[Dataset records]
■ ■ ■

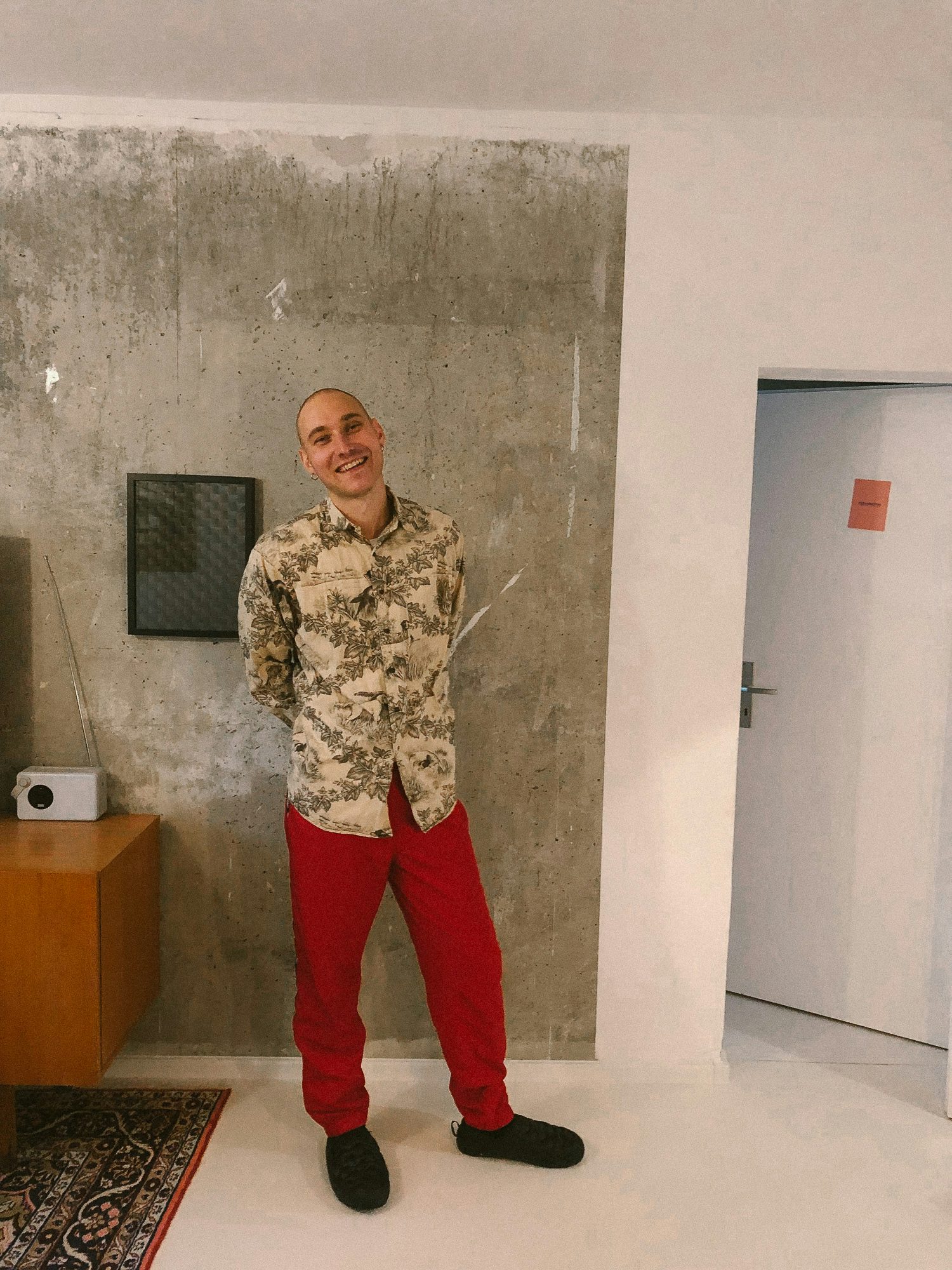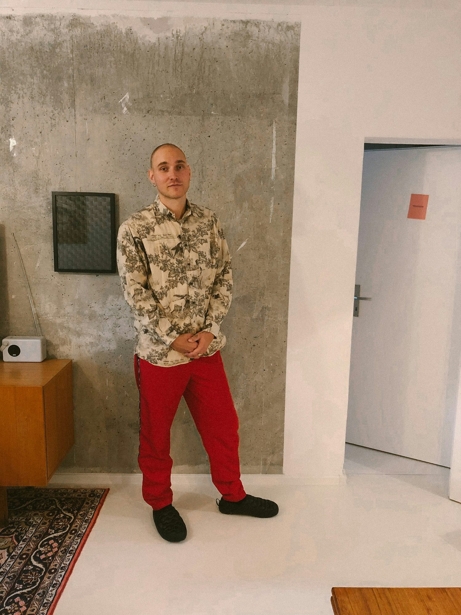 Niels' Freundin sagt: Jagdhunde auf einem Hemd? Die Hose sieht aus wie von einem Pariser Vorstadtkriminellen. Und die Schuhe? Sind die vom Mars?
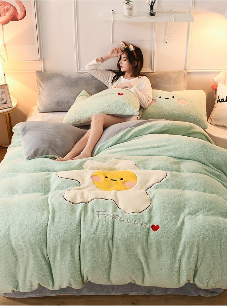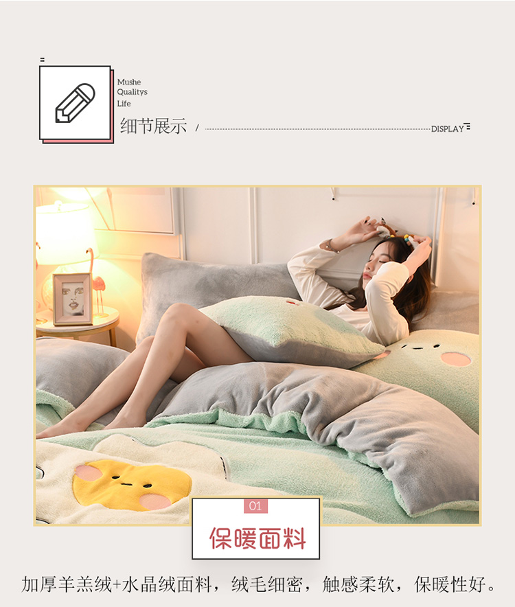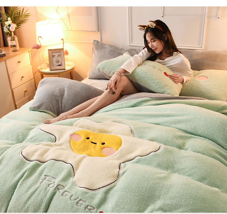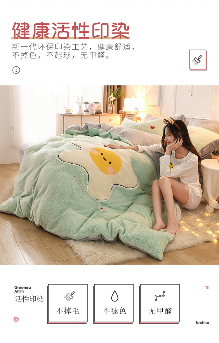 (总)朗莎家纺 2019新款羊羔绒贴布绣四件套,彩虹精灵,菠萝玉色,草莓奶白,独角兽抹茶绿,好色龙银灰,荷包蛋姜黄,荷包蛋抹茶绿,柠檬抹茶绿,柠檬墨绿,牛油果抹茶绿,圣诞鹿豆沙,小鸡藏青,小鸡午夜蓝,小鸡银灰
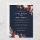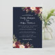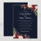 Marinblå burgunderfärgad blomsterbröllopsinbjudan inbjudningar
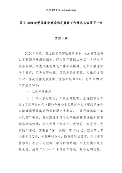 【七哥公文】2024年:国企2024年党风廉政建设和反腐败工作情况总结及下一步工作计划+更多免费公文+VX:QiGeGongWen2024
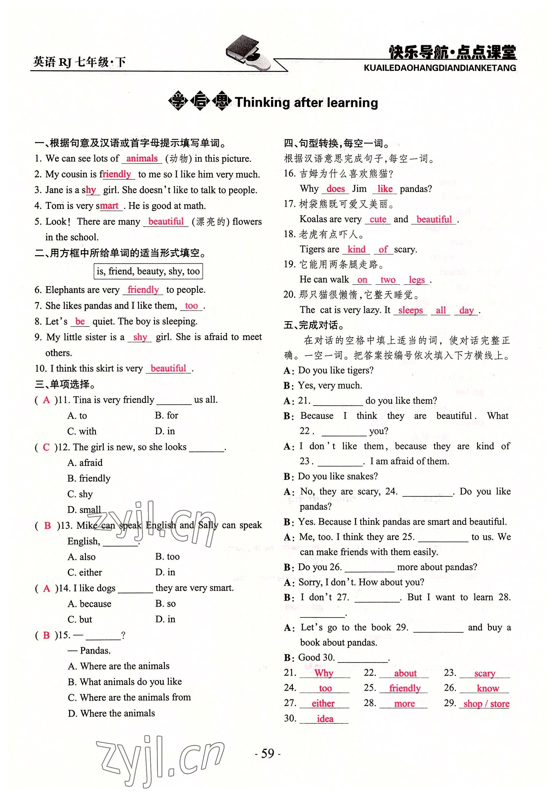 注:目前有些书本章节名称可能整理的还不是很完善,但都是按照顺序排列的,请同学们按照顺序仔细查找。练习册 2022年快乐导航点点课堂七年级英语下册人教版 答案主要是用来给同学们做完题方便对答案用的,请勿直接抄袭。
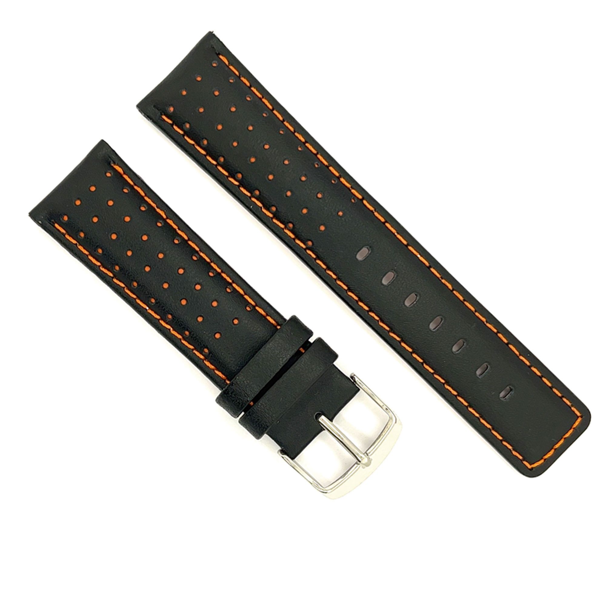 Pasek skórzany perforowany styl rally racing Kontrastowe przeszycie – Sportowy do zegarka – Rozmiary 18mm 20mm 22mm 24mm – Czarny, brązowy, czerwony, granatowy Diloy 367
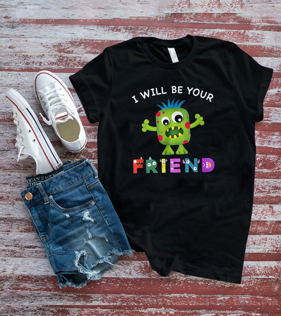 The Friendly Monster With Colorful Letters I Will Be Your Friend Shirt offers a regular fit. Made from 100% ring-spun cotton that is pre-shrunk to help maintain size and shape after washing. Features reinforced construction details for durability. Available in U.S. standard sizes S-5XL to accommodate various body types.
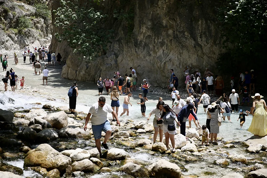 Muğla'nın Seydikemer ilçesindeki Saklıkent Kanyonu'nda, Kurban Bayramı'nın üçüncü gününde yoğunluk yaşandı.
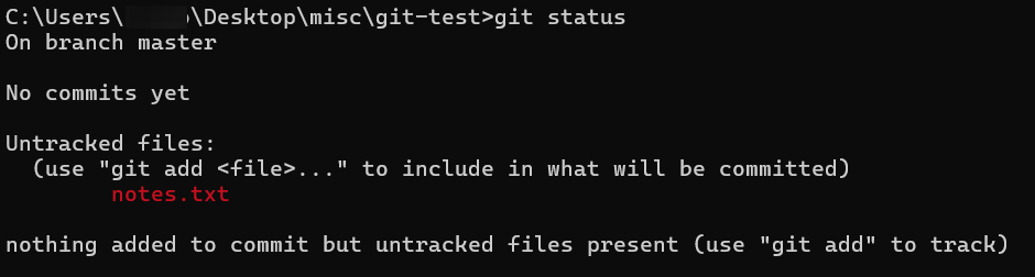 but it’s not being tracked yet — it’s completely new to Git.That’s why it shows up as “Untracked files” in red.
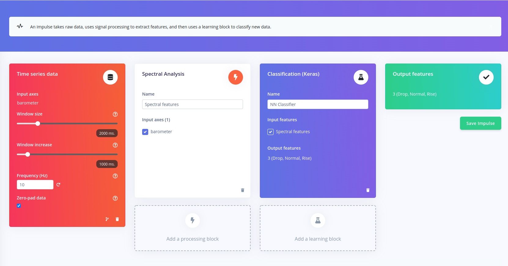 An impulse was created for the weather prediction model that started by slicing the pressure sensor data into windows, then performing a spectral analysis. The spectral analysis removes noise and extracts frequency and spectral power data. The preprocessed data was then forwarded into a neural network classifier that predicts if the weather is likely to be fair or take a turn for the worse. The model training process was started, and after a short time, a confusion matrix was displayed to help assess the model’s performance. The training accuracy was observed to be 100%, and that can be a sign of overfitting, so a more stringent test was performed using data that was not included in the training process. This test also showed an average classification accuracy of 100% had been achieved. This is a bit suspicious until taking a look at the Feature Explorer tool — the data for the classes is very well separated, so the observed accuracy does not appear to be unreasonable.
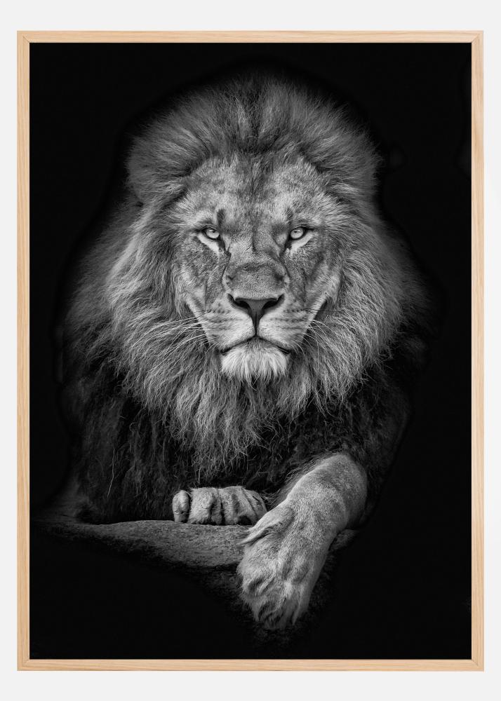 Mustvalge lähivõte lõvist, kes vaatab otse pealtvaatajale. Tume taust ja intensiivne pilk loovad suurepärase tõmbe maalile. See on plakat, mis sobib sama hästi üksi kui koos teiste lemmikutega suuremas kollaažis.
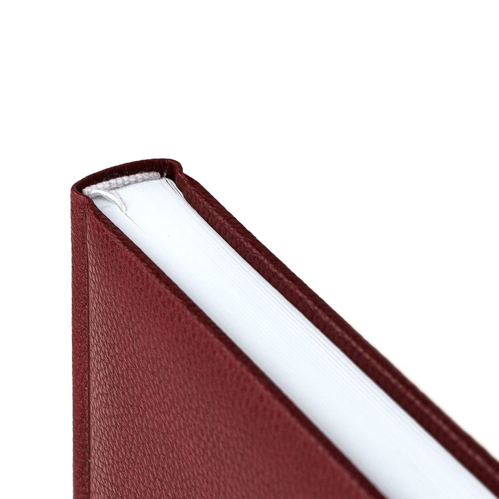 Ежедневник в твердой обложке c поролоном, выполнен из материала La Fite, красный РР, дополнен ляссе белого цвета.
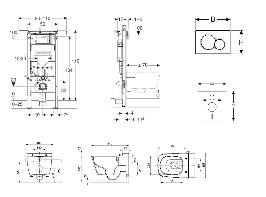 Elementet är förankrat i golvet med två stöd som är kontinuerligt utdragbara och därmed möjliggör individuell justering av toalettskålens höjd. Längre, äldre och funktionshindrade personer kommer att uppskatta detta särskilt när de ska resa sig upp och ner. Utdragbara horisontella distanser säkerställer enkel och tillförlitlig installation även i olika rumsbredder. Demontering av ventilerna (påfyllning och tömning) är enkel tack vare en tillräckligt stor serviceöppning som är dold bakom manöverknappen. Beklädnaden och fodret kan fästas direkt på elementets ram och därmed minskas inte toalettutrymmet i onödan. Duofix-elementets konstruktion gör att det kan installeras på ett sådant sätt att det kan tas bort, t.ex. vid ombyggnad av stigarledningar i installationsschaktet. Duofix har alla uttag för avfall, vatten och armaturer fixerade, vilket förenklar installationen och minskar risken för felkoppling till ett minimum.
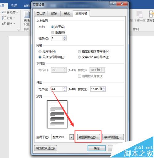 4、我们进入文档网络过后,我们可以看到这里可以文字排列、网络、字符数、行数等等。不过这些都不是我们所需要的,我们这里需要点击的就是绘图网格,也就是在界面的右下方,下图已经标出来了。
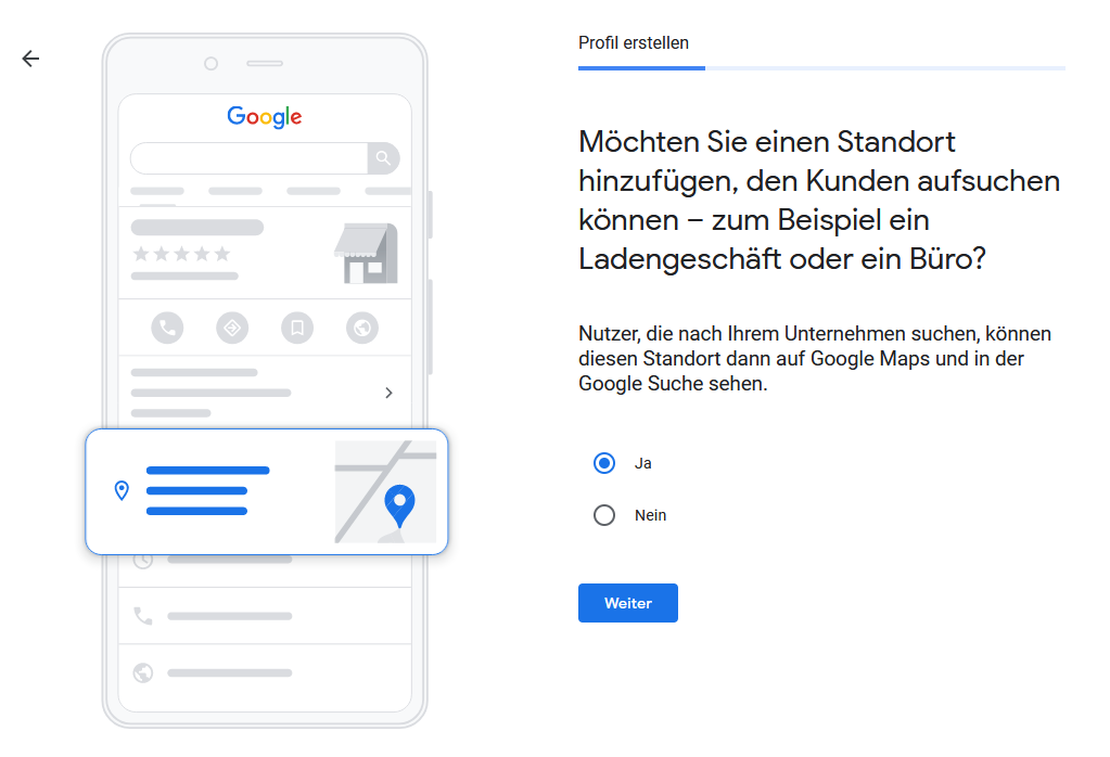 Im nächsten Schritt müssen Sie sich entscheiden, ob Sie Ihren Standort veröffentlichen möchten. Das ergibt natürlich Sinn, wenn Sie ein Ladenlokal haben, in dem Sie auch Kunden bedienen. Haben Sie allerdings ein reines Online-Business und pflegen in Ihren Büroräumlichkeiten keinen Publikumsverkehr, klicken Sie hier „Nein“ an.

■ ■ ■

What to work on:
Both the line containing "but it’s not" and the line containing "Ежедневник в твердой" above belong in the output, as do the lines between them. Print them exactly, without pictures.

Written response:
 but it’s not being tracked yet — it’s completely new to Git.That’s why it shows up as “Untracked files” in red.
 An impulse was created for the weather prediction model that started by slicing the pressure sensor data into windows, then performing a spectral analysis. The spectral analysis removes noise and extracts frequency and spectral power data. The preprocessed data was then forwarded into a neural network classifier that predicts if the weather is likely to be fair or take a turn for the worse. The model training process was started, and after a short time, a confusion matrix was displayed to help assess the model’s performance. The training accuracy was observed to be 100%, and that can be a sign of overfitting, so a more stringent test was performed using data that was not included in the training process. This test also showed an average classification accuracy of 100% had been achieved. This is a bit suspicious until taking a look at the Feature Explorer tool — the data for the classes is very well separated, so the observed accuracy does not appear to be unreasonable.
 Mustvalge lähivõte lõvist, kes vaatab otse pealtvaatajale. Tume taust ja intensiivne pilk loovad suurepärase tõmbe maalile. See on plakat, mis sobib sama hästi üksi kui koos teiste lemmikutega suuremas kollaažis.
 Ежедневник в твердой обложке c поролоном, выполнен из материала La Fite, красный РР, дополнен ляссе белого цвета.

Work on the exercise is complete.